味覚は生活の質に大きく影響するため、早めの対応を心がけてください。
呼吸困難・嚥下困難
顎関節症が進行すると顎の筋肉や関節が炎症を起こし、呼吸や嚥下にまで影響を及ぼすことがあります。呼吸がしづらくなったり食べ物を飲み込みにくくなったりすると、気道を圧迫するおそれもあり、命に関わる危険性も無視できません。
そのため、これらの症状が進行する前に専門医の診断を受けて適切な治療を行いましょう。
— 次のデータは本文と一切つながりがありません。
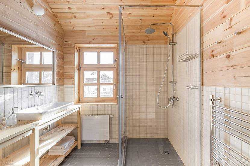 Полы душевой в скандинавском стиле отделаны серой некрупной плиткойИсточник coolhouses.ru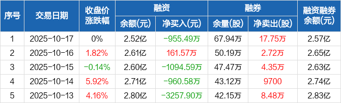 渝农商行:融资净偿还955.49万元,融资余额2.52亿元(10-17)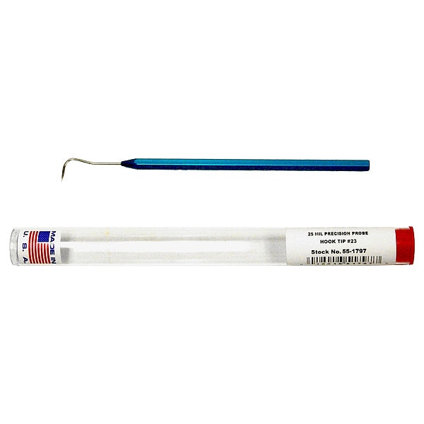Precision Probe, Handle Material Aluminum, Handle Style Hex, Overall Length 5 3/4 in, Tip Material Stainless Steel, Tip Style Hook, Tip Thickness 25 mil, Product Type Precision Probe, Handle Length 4 1/2 in, Shank Diameter 1/24 in
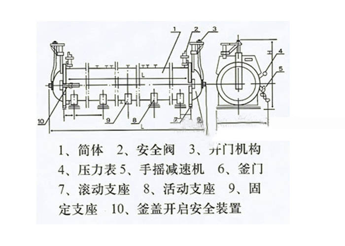 蒸壓釜設(shè)備主體部分主要由釜體裝置、覆蓋裝置、擺動裝置、手搖減速器、安全裝置、支座、保溫層、密封裝置、管道閥門儀表等組成。附屬部分包括排水裝置。 1. 釜體裝置:主要由筒體和釜體法蘭焊接而成。沿法蘭圓周均布嚙合齒與釜蓋法蘭均布的相應(yīng)的齒相嚙合。釜內(nèi)底部鋪設(shè)軌道,可行走或停放蒸養(yǎng)小車。釜體外側(cè)布置各種管座和接管、供進、排蒸汽、排放冷凝水和安裝各種儀表、閥門之用。 2. 釜蓋裝置:主要由釜蓋法蘭、齒板、圓頂封頭焊接而成,通過吊柄和短軸將覆蓋懸吊于相嚙合,起關(guān)閉蒸壓釜的作用。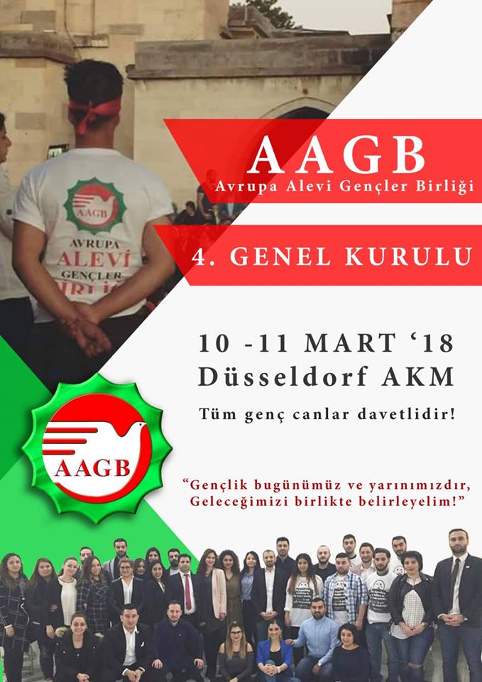 “Avrupa Alevi Gençler Birliği olarak 10 ve 11 Mart 2018 arası 4. olağan Genel Kurulumuzu bileşenimiz Almanya Alevi Gençler Birliğimizin ev sahipliğinde, Düsseldorf Alevi Kültür Merkezinde gerçekleştireceğiz.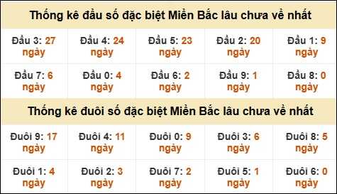 Thống kê đầu đuôi giải đặc biệt XSMB lâu về nhất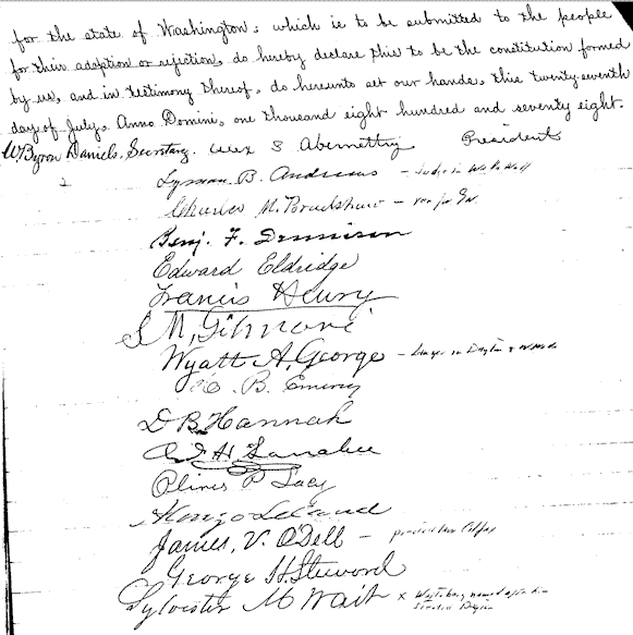 This is a scan of a certified copy of the 1878 Washington State Constitution.

呼吸や嚥下は日常生活において非常に重要なため、軽視せずに対処することが重要です。
顎関節症を手遅れにさせるNG習慣
日常生活の中に潜む悪い習慣は、顎関節症を手遅れにさせる可能性があります。
歯ぎしりや姿勢の悪さなど、無意識に続けている行動が顎関節症を進行させることがあるのです。
ここでは、顎関節症を悪化させるNG習慣と、それを改善する方法について詳しく解説します。自分に該当するものがないか、チェックしましょう。
片側で噛む癖
片側だけで噛む習慣は顎関節や筋肉に偏った負担をかけ、顎関節症を悪化させる原因となります。
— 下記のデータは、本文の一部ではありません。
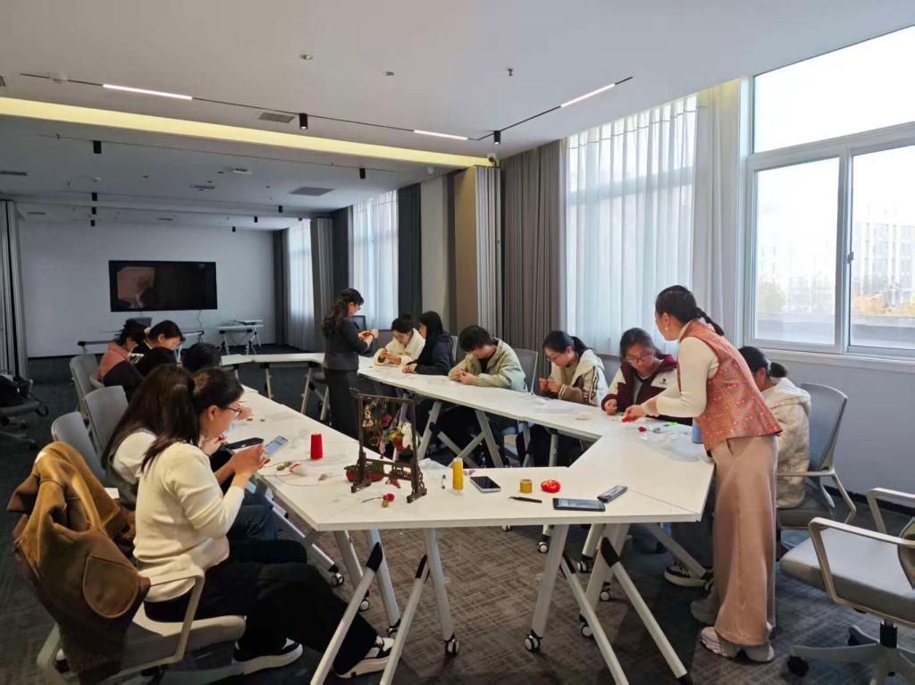 本次活动由信息工程学院(软件职业技术学院)与国际教育学院(外国语学院)联合承办。信息工程学院展区聚焦 AI 技术与非遗文化融合,张新成教授以《从 “会用” 到 “用好”——AI 助手重塑大学生活》为题开展专题讲座,Deepseek 大赛获奖团队展示 AI 大模型与 C 语言创新成果;非遗板块中,非遗传承人佟燕华讲解古籍修复技艺,刘秋红、宋长虹则现场指导香囊、双头鹦风筝制作。同时,学院开展“心”随E动“语”愈心灵心理团建活动,通过珠行万里、集体长跳绳等系列环节,帮助学生释放压力、凝聚团队向心力。国际教育学院展区举办第八届商品营销大赛,108 支队伍的600 余名学子将《管理学基础》课程知识应用于商业实践,提升综合能力。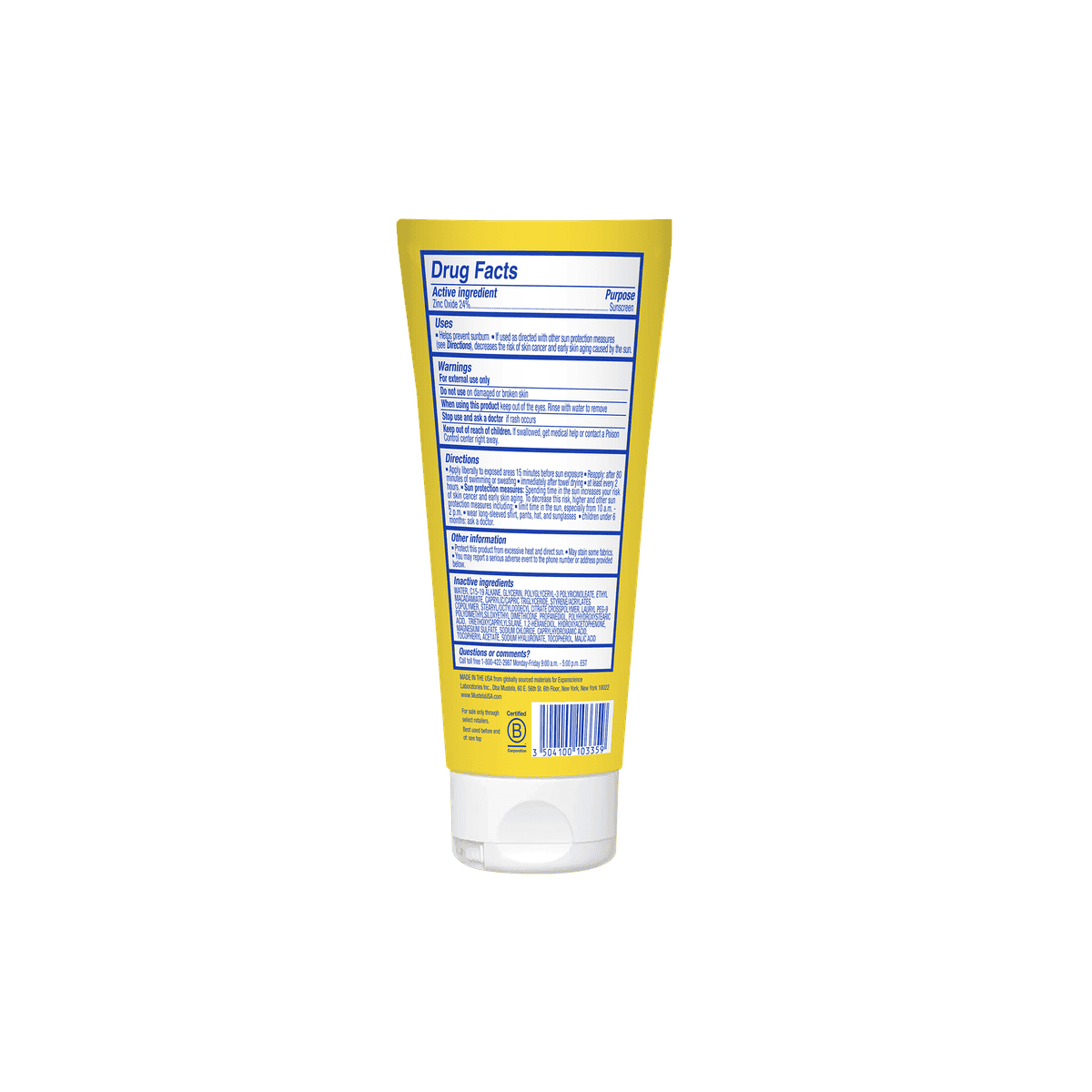 Zinc Oxide 24%, Water, C15-19 Alkane, Glycerin, Polyglyceryl-3 Polyricinoleate, Ethyl Macadamiate, Caprylic/Capric Triglyceride, Styrene/Acrylates Copolymer, Stearyl/Octyldodecyl Citrate Crosspolymer, Lauryl PEG-9 Polydimethylsiloxyethyl Dimethicone, Propanediol, Polyhydroxy Stearic Acid, Triethoxycaprylylsilane, 1,2-Hexanediol, Hydroxy Acetophenone, Magnesium Sulfate, Sodium Chloride, Caprylhydroxamic Acid, Tocopheryl Acetate, Sodium Hyaluronate, Tocopherol, Malic Acid.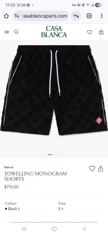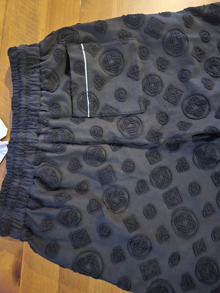 The Men's Casa Blanca Paris Towelling Monogram Short in size S is a stylish and sophisticated shorts perfect for those who appreciate a touch of Parisian flair. Made by the brand Casablanca, this black short features a monogram design and is ideal for men looking to add a trendy and unique piece to their wardrobe. Whether worn casually or dressed up, this short is sure to make a statement with its Parisian theme and high-quality construction. Retails for $715 year around at boutiques and Neiman Markus

たとえば、右側の奥歯で主に噛む癖がある方は、右側の顎の筋肉が過度に発達し、左側の筋肉は逆に弱くなりやすいです。
片側にかかる負担が増すことで顎関節が歪み、顎の開閉がスムーズにいかなくなるケースが多く見られます。
この習慣を続けると症状が進行し、治療が手遅れになる可能性があるため、意識して両側で噛むことが重要です。また、歯科医師による指導を受けたり、噛む練習を行ったりすることも有効です。
歯ぎしり・食いしばり
歯ぎしりや食いしばりは、顎関節や筋肉に過度な負担をかけるため、顎関節症の悪化に直結します。
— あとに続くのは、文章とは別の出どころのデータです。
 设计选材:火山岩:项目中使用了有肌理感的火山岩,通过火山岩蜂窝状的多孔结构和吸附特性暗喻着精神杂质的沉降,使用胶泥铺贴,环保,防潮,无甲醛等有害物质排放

たとえば、ストレスや不安が原因で夜間に無意識に歯ぎしりをする場合、これが長期間続くと関節に慢性的なダメージを与えることがあります。
患者さんの中には朝起きたときに顎の痛みや頭痛を訴える方も多く、特にストレスを感じやすい環境にいる方は注意が必要です。
歯で噛み切る
糸やタグなどを歯で噛み切る習慣は、顎関節や歯に不必要な力をかけて症状を悪化させる原因となります。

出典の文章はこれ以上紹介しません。